Tom Walkinshaw was key to Jaguar’s return to racing in the 1980s, persuading the factory to take on a campaign in the European Touring Car Championship, with the XJS in ’82. He also convinced John Egan, the firm’s chairman, to allow TWR to create a Group C car from scratch, rather than develop the US-spec XJR-5.
He hired Tony Southgate, handing the F1 designer a brief to create a Kevlar-reinforced carbon-fibre monocoque that would form the basis of the XJR cars. For 1988, all five of the XJR-9s had been examined in a wind tunnel to ensure they’d reach 240mph. But reliability was a constant worry, especially the gearbox. Jan Lammers somehow managed to drag his car to victory jammed in fourth gear, but Brundle wasn’t so lucky, retiring with a cylinder-head failure.
When 1990 rolled around, bad luck almost haunted Brundle again. The XJR-12 he shared with David Leslie and Alain Ferté led but, at 07.00 on Sunday, a drive belt slipped off the water pump pulley and that was that. Except, it wasn’t.
Walkinshaw had made a pact with his star driver.

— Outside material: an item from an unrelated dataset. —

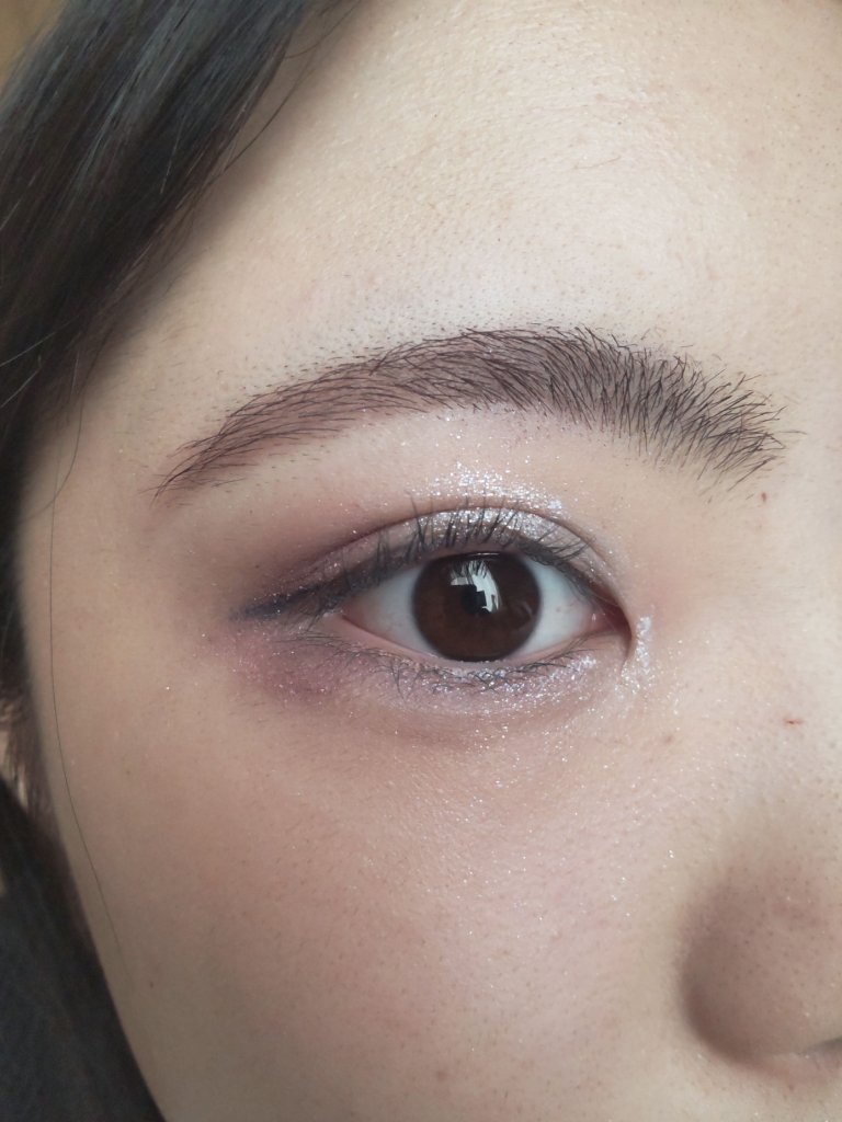 水色ラメとブラウンの不思議な組み合わせ でも可愛い! 他の色より芯が硬めで、発色させようとしてゴリゴリ描いてしまう…瞼に負担かかってそう💦 この色のシャドウの時に、儚い感をプラスするためにまつ毛も薄めの色にしてみてるどうかな…

The two had formed a close bond ever since an eager Martin wrote to Walkinshaw in 1979, asking for a drive in the BMW County Championship.
“Go like hell and we’ll try to break them. If yours breaks, I’ll swap cars”
“Tom’s plan was for us to drive flat out and draw the Porsches out,” says Brundle. “There were so many, so he was like, ‘You go like hell and we’ll try and break them.’ Then he said, ‘And if your car breaks, I’m gonna keep your spot in the other car’ which I think he forgot to mention to poor old Eliseo Salazar!
“I jumped in the other car, run by TWR USA. But that was missing a gear – fourth – and its front brakes had glazed over by that point, so it hadn’t got much in the way of retardation. But we got that to the end. I think by the finish I’d done a dozen hours of racing in total.
“The car was overheating. The radiator [in the nose] as you can imagine would get full of debris and rubber, and I’ll never forget Tom, with a bucket of water, throwing the water through from the other side of the rad to try and clear it. So then steam would just envelop you.”
The first and second Jaguars could barely cross the finish line before being swarmed by many of the 50,000 Brits who’d come to see their home team show the rest of the world how it was done. All you could hear were tens of thousands of fans singing the national anthem at the top of their voices.
“There was one guy,” recalls Martin, laughing, “who was wearing a Union Flag and, apparently, nothing else. Every time we came past, he waved the Union Flag. I’m pleased to say I didn’t see him! They were glorious times, and we had the history of the C-type and the D-type behind us. And in 1988 Jaguar had knocked Porsche from the top spot after six or seven years of dominance.”